# PM30 Conversion Video - Control Panel



## AdamDee (Mar 17, 2020)

The start of a PM30MV conversion. A look at electrical and some of the issues I’m having.

Toroidal Transformer Details:
primary winding (220V)
Secondary winding (60V)
Power: 900W
220V Fuses: ATQR15A (15 Amp Fuse)


----------



## mksj (Mar 17, 2020)

High inrush current from the transformer, I would suggest either switching to a 15A dual pole breaker with a D curve or trying a different brand of slow blow 15A fuses and/or consider 20A. I have a number of amps that have very large transformers with DC capacitor banks and use a thermistor to limit the current inrush. The lights still dim when turned on. Problem is they need to be sized correctly for your operating current.

Nice looking setup.


----------



## ahazi (Mar 17, 2020)

Many years ago on a larger power supply for a very high power (3-4 kilowatt) ham radio amplifier I faced the same problem. I solved it by adding a series resistor to limit the initial inrush current and a relay that shorts the resistor out after the initial high current drops.
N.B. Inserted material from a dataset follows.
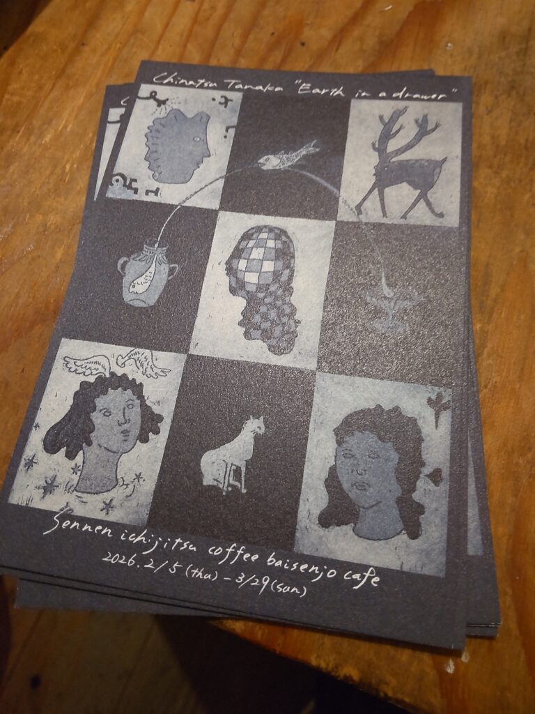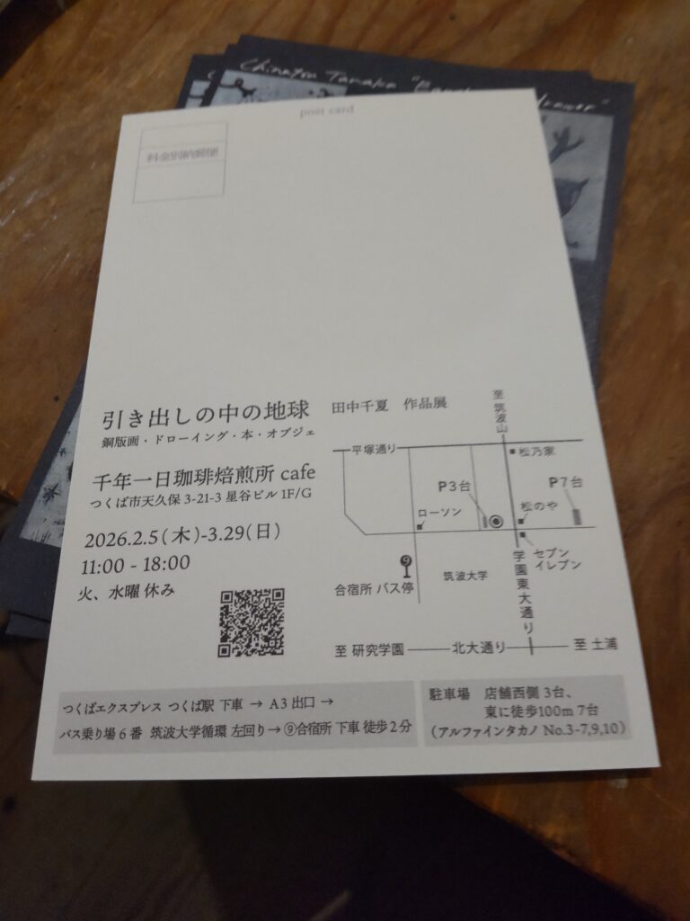 田中千夏さんといえば、来年つくば市天久保の千年一日珈琲焙煎所cafeで作品展をやられるそうです。今日、千年一日珈琲焙煎所で珈琲豆を買ったときに告知用のポストカードをもらいました。

Here is a diagram that uses DC relay.



I used a 220v AC relay so I did not need the diodes and the capacitor. You can probably use a 25 ohm resistor, use a small metal high wattage (25-50 watt) type resistor. You will get a delay of 2-4 seconds. 

16 amp fuse/breaker is way too big for a 900 watt transformer, it is an indication that something is wrong. Toroidal transformers are known to be able to pass high current for a short time.

Ariel


----------



## AdamDee (Mar 18, 2020)

Wow thank you for this detailed explanation! This might be the move. Have you heard of people using NTC thermistors in series with the primary coil to achieve this same kind of inrush protection?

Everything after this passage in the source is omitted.